**What you will do:**
Repeat every record below exactly, omitting any pictures.

Data excerpts
§
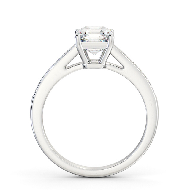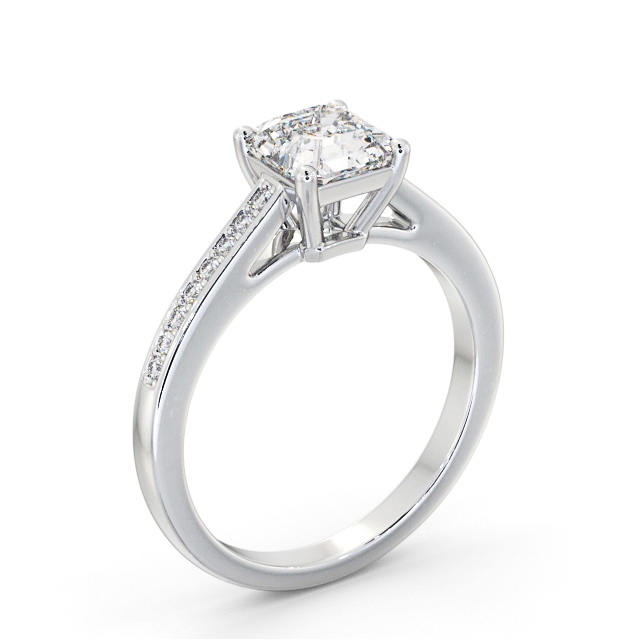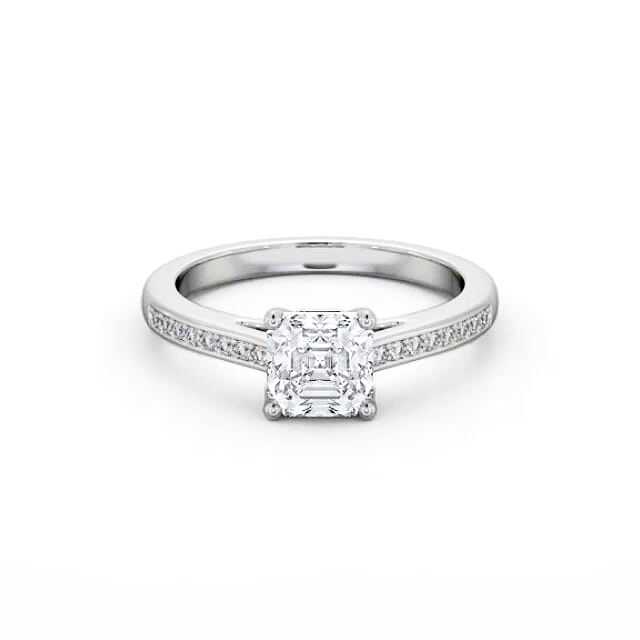 Loren diamond engagement ring with a four claw 18K White Gold setting. Bright and glamourous, this exceptional ring exposes a wonderful asscher shaped diamond at the top of polished slender band accented with small round diamonds. Total diamond side stones weigh approximately 0.10ct with Clarity VS1 and Colour F. This ring is available in a range of metal options and your choice of natural or lab grown diamonds. We offer a free design service for any customised changes that you may require.
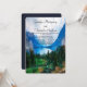 Um convite de casamento com uma bela fotografia de uma cena agradável e tranquila da natureza. Floresta verde vibrante na frente e montanhas azuis sombrias nas costas. Com um céu branco nublado e sonhador. Mistura e mágica.
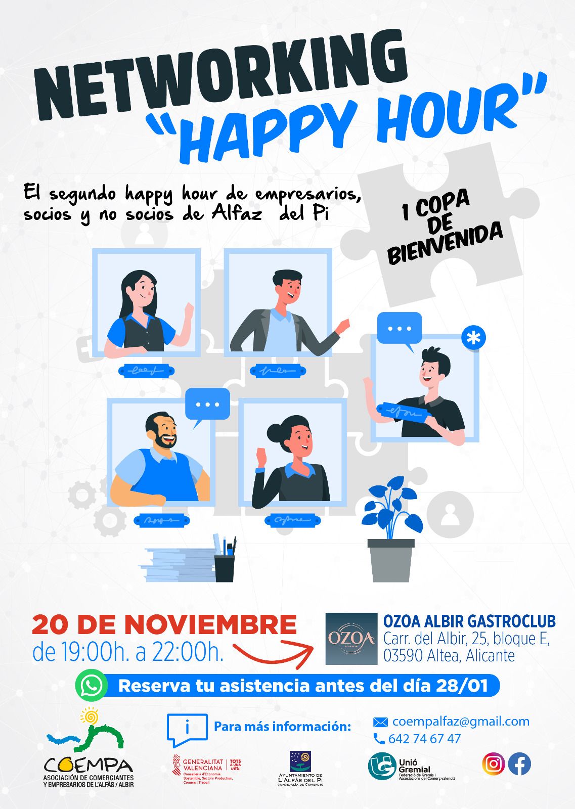 La Asociación de Comerciantes y Empresarios de l’Alfàs del Pi (COEMPA) celebrará el próximo jueves 20 de noviembre, de 19:00 a 22:00 horas, una nueva jornada de networking bajo el nombre ‘Happy Hour Empresarial’, con el objetivo de favorecer la relación entre empresas de distintos sectores, tanto nacionales como internacionales, y fortalecer la colaboración entre negocios ubicados en las diferentes áreas del municipio, especialmente entre el casco urbano y la zona de l’Albir.
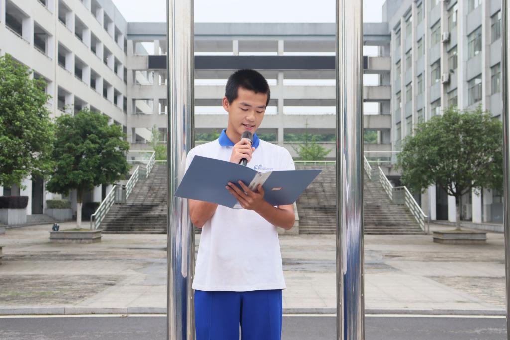 首先,由来自1919班的罗泽宇同学进行国旗下讲话,他说到青春可以是潜心于科学研究,十年磨一剑;青春还可以是扎根于边疆,一心谋发展;青春更可以是手持炸药包炸碉堡时那一声惊天动地的呐喊。青春是整个人生旅程中最绚丽的一站,最奇妙的一站,最灿烂的一站。
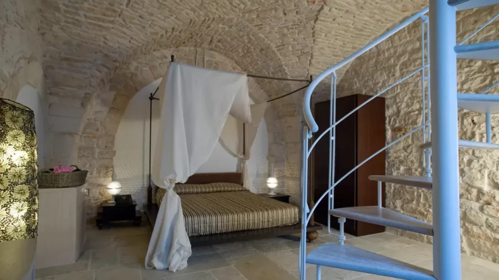 Situated in the main square of Alberobello, Le Alcove blends history and modernity, creating a unique haven for those seeking both relaxation and cultural immersion. The origins of the resort date back to the 16th century, when the small fiefdom of Silva Arboris Belli began to develop. The transformation of these historic structures into a luxury retreat has been masterfully executed through meticulous restoration work carried out by expert stone masters. The resort’s nine trullo residences are a true testament to the region’s craftsmanship and heritage, each showcasing the distinctive architectural style of the trulli while integrating modern amenities to provide the highest level of comfort. Inside, the rooms are an exquisite balance of traditional charm and contemporary elegance, with natural stone walls, exposed beams, and stylish decor that respect the integrity of the building’s history while offering guests a sophisticated, comfortable environment. The design harmonises the rustic beauty of the trulli with luxury furnishings and modern conveniences, ensuring a memorable and indulgent stay. Le Alcove is a serene and intimate escape that perfectly captures the essence of Puglia’s heritage, while offering you the perfect base to explore the surrounding countryside and the unique charm of Alberobello, renowned for its picturesque trulli and captivating landscapes.
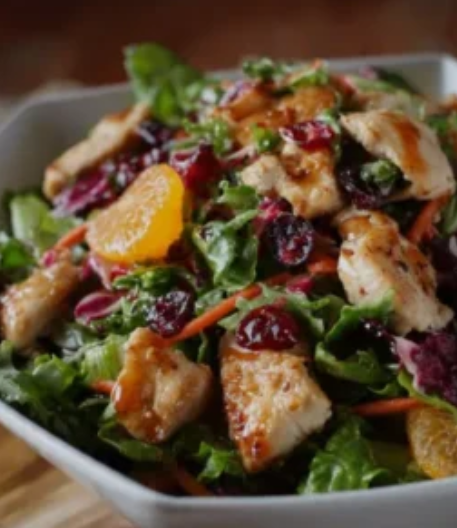 Sałatka z grillowanym kurczakiem, żurawiną i cytrusami to propozycja świeża, kolorowa i doskonale zbalansowana pod względem smaków. Łączy w sobie soczyste, złociste kawałki kurczaka z chrupiącymi liśćmi sałaty, delikatnie kwaskowatą żurawiną oraz pełnymi soku cząstkami cytrusów. Całość dopełnia łagodny, aromatyczny dressing, który nadaje potrawie harmonii, nie dominując nad naturalnym smakiem składników.
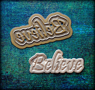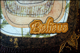 I used one of the dies from Spellbinders new Sentiments set, which includes 14 descriptive words in text. In keeping with the color theme, I cut the word believe out of gold foil. I knew that when I attached it I would outline the word in black ink to make it pop.
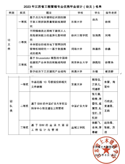 江苏省土木建筑学会在2023年江苏省工程管理专业优秀毕业设计(论文)的过程中﹐共收到18所高校推荐的33份候选优秀毕业设计(论文)申报材料,经工程管理专业委员会、建筑与房地产经济专业委员会的主任委员及副主任委员进行分类网上评审﹐评选出16份获奖的优秀毕业设计(论文)。
§
**Solution to this problem:**
 Loren diamond engagement ring with a four claw 18K White Gold setting. Bright and glamourous, this exceptional ring exposes a wonderful asscher shaped diamond at the top of polished slender band accented with small round diamonds. Total diamond side stones weigh approximately 0.10ct with Clarity VS1 and Colour F. This ring is available in a range of metal options and your choice of natural or lab grown diamonds. We offer a free design service for any customised changes that you may require.
 Um convite de casamento com uma bela fotografia de uma cena agradável e tranquila da natureza. Floresta verde vibrante na frente e montanhas azuis sombrias nas costas. Com um céu branco nublado e sonhador. Mistura e mágica.
 La Asociación de Comerciantes y Empresarios de l’Alfàs del Pi (COEMPA) celebrará el próximo jueves 20 de noviembre, de 19:00 a 22:00 horas, una nueva jornada de networking bajo el nombre ‘Happy Hour Empresarial’, con el objetivo de favorecer la relación entre empresas de distintos sectores, tanto nacionales como internacionales, y fortalecer la colaboración entre negocios ubicados en las diferentes áreas del municipio, especialmente entre el casco urbano y la zona de l’Albir.
 首先,由来自1919班的罗泽宇同学进行国旗下讲话,他说到青春可以是潜心于科学研究,十年磨一剑;青春还可以是扎根于边疆,一心谋发展;青春更可以是手持炸药包炸碉堡时那一声惊天动地的呐喊。青春是整个人生旅程中最绚丽的一站,最奇妙的一站,最灿烂的一站。
 Situated in the main square of Alberobello, Le Alcove blends history and modernity, creating a unique haven for those seeking both relaxation and cultural immersion. The origins of the resort date back to the 16th century, when the small fiefdom of Silva Arboris Belli began to develop. The transformation of these historic structures into a luxury retreat has been masterfully executed through meticulous restoration work carried out by expert stone masters. The resort’s nine trullo residences are a true testament to the region’s craftsmanship and heritage, each showcasing the distinctive architectural style of the trulli while integrating modern amenities to provide the highest level of comfort. Inside, the rooms are an exquisite balance of traditional charm and contemporary elegance, with natural stone walls, exposed beams, and stylish decor that respect the integrity of the building’s history while offering guests a sophisticated, comfortable environment. The design harmonises the rustic beauty of the trulli with luxury furnishings and modern conveniences, ensuring a memorable and indulgent stay. Le Alcove is a serene and intimate escape that perfectly captures the essence of Puglia’s heritage, while offering you the perfect base to explore the surrounding countryside and the unique charm of Alberobello, renowned for its picturesque trulli and captivating landscapes.
 Sałatka z grillowanym kurczakiem, żurawiną i cytrusami to propozycja świeża, kolorowa i doskonale zbalansowana pod względem smaków. Łączy w sobie soczyste, złociste kawałki kurczaka z chrupiącymi liśćmi sałaty, delikatnie kwaskowatą żurawiną oraz pełnymi soku cząstkami cytrusów. Całość dopełnia łagodny, aromatyczny dressing, który nadaje potrawie harmonii, nie dominując nad naturalnym smakiem składników.
 I used one of the dies from Spellbinders new Sentiments set, which includes 14 descriptive words in text. In keeping with the color theme, I cut the word believe out of gold foil. I knew that when I attached it I would outline the word in black ink to make it pop.
 江苏省土木建筑学会在2023年江苏省工程管理专业优秀毕业设计(论文)的过程中﹐共收到18所高校推荐的33份候选优秀毕业设计(论文)申报材料,经工程管理专业委员会、建筑与房地产经济专业委员会的主任委员及副主任委员进行分类网上评审﹐评选出16份获奖的优秀毕业设计(论文)。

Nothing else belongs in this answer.